Ces chansons évoquent des époques et des villes lointaines. On y voit passer des grivetons, des légionnaires, des matelots et des filles, dans les vapeurs des ports et des bars de tous les continents. Dans la préface à l’édition de son livre Chansons pour accordéon (1), Pierre Mac Orlan dit : « Pour moi écrire des chansons, c’est écrire mes Mémoires. » En fait, Pierre Mac Orlan ne voyagea pas beaucoup, ses souvenirs sont largement imaginaires. C’était un « aventurier passif » à l’imagination féconde : « L’aventurier passif est sédentaire. Celui-ci se cramponne par tous les temps aux bras de son fauteuil, comme un capitaine au long-courrier aux rambardes de sa passerelle de commandement. » Ou plus loin : « La grande animatrice de l’aventurier passif est l’imagination. C’est la maîtresse de ce désordre, plus apparent que réel, dont s’orne le cerveau de cet homme aimable : cerveau encombré de meubles et d’étoffes, d’armes et d’instruments bizarres qui permettent la comparaison avec la boutique d’un brocanteur, un peu marchand d’antiquités.» (2)

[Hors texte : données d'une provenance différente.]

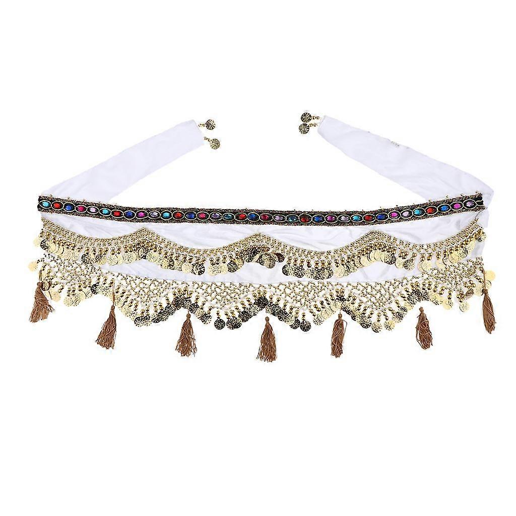 Womens Sequins Belly Dance Hip Scarf Wrap Skirt with Gold Coins White

La plupart des ces chansons sont écrites dans une langue dont beaucoup de mots, d’expressions, de noms, nous sont aujourd’hui étrangers. Mac Orlan était sensible à l’argot, celui des militaires de la Légion, des marins et des filles dites publiques, un argot ancien et déjà souvent difficilement compréhensible dans les années 50 (on trouve dans une des premières éditions de Chansons pour accordéon, parue en 1953, un lexique qui donne l’origine et la signification de certains termes d’argot oubliés). Pierre Mac Orlan, né en 1882, mobilisé en 1914, a fait des chansons avec le vocabulaire et le monde de sa jeunesse. Comme tout le monde, a-t-on envie de dire… En écoutant, ou même en chantant, ces chansons-là, on peut très bien avoir l’impression qu’elles ont été écrites dans une langue devenue aujourd’hui étrangère, mais dont l’écho nous dirait quand même un peu quelque chose, comme un visage qui semble familier mais sur lequel on a du mal à mettre un nom. Ces chansons écrites par un aventurier immobile, dans une langue populaire d’un autre âge, semblent toutefois conserver leur charme, même si le sens exact parfois nous échappe, comme il a pu échapper aussi aux oreilles pourtant contemporaines de leur création. Les enfants chantent souvent, avec beaucoup d’entrain, des chansons dont la signification véritable des mots leur échappe, mais pourtant elles leur plaisent. Les adultes font parfois la même chose. Combien de gratteurs de guitare amateurs ont chanté Les Copains d’abord de Brassens en ignorant qui étaient Montaigne et La Boétie, et Castor et Pollux ? Est-il besoin de le savoir pour aimer cette chanson ?
Le charme d’une chanson ne naît pas forcément de la compréhension du texte, mais avant tout de l’impression faite par les mots, la mélodie, et par la voix qui les donne. On peut alors avoir le sentiment de ressentir une émotion qui vient de loin, d’un charme enfoui qui se réveille. Et c’est peut-être à ça que servent les chansons (dont on peut penser aussi qu’elles ne servent à rien) : réveiller des émotions qui nous dépassent, et qui peuvent même sembler ne pas nous appartenir tant elles ont l’air d’être anciennes et de venir de loin. Les chansons, aussi élaborées soient leurs paroles, ont souvent partie liée avec notre mémoire profonde. Les émotions auxquelles elles nous ramènent ont peut-être avant tout à voir avec le monde de l’enfance et des sensations premières que font naître les couleurs ou les sons. « Et le reste est littérature », comme dit Verlaine.

LTG

(1) Chansons pour accordéon, Éditions de la Table Ronde, Paris, 2002.
(2) Petit manuel du parfait aventurier, Éditions Sillage, Paris, 2009.